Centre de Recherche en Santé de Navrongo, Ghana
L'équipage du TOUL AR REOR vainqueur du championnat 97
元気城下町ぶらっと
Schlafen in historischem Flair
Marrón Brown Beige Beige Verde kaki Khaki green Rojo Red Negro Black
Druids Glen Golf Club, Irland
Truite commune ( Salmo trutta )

■ ■ ■ ■ ■

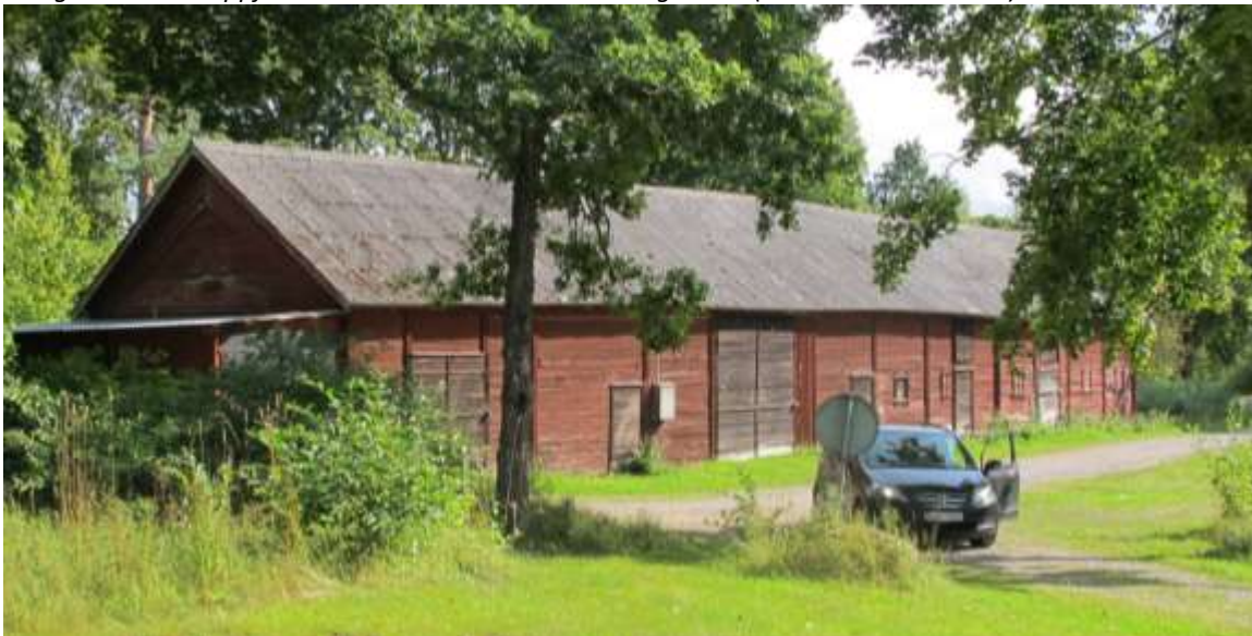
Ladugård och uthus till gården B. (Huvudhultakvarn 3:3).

■ ■ ■ ■ ■

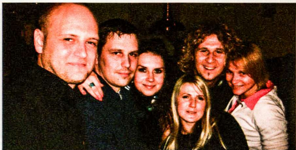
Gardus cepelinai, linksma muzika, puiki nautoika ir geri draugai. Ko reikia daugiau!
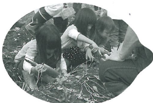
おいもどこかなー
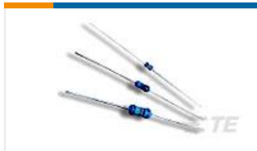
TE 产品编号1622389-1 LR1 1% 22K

■ ■ ■ ■ ■

**Work to be completed**
Range to copy from the listing above: the line with "Gardus cepelinai, linksma" through the line with "TE 产品编号1622389-1 LR1 1% 22K". Transcribe it exactly and skip the pictures.

**Result**
Gardus cepelinai, linksma muzika, puiki nautoika ir geri draugai. Ko reikia daugiau!
おいもどこかなー
TE 产品编号1622389-1 LR1 1% 22K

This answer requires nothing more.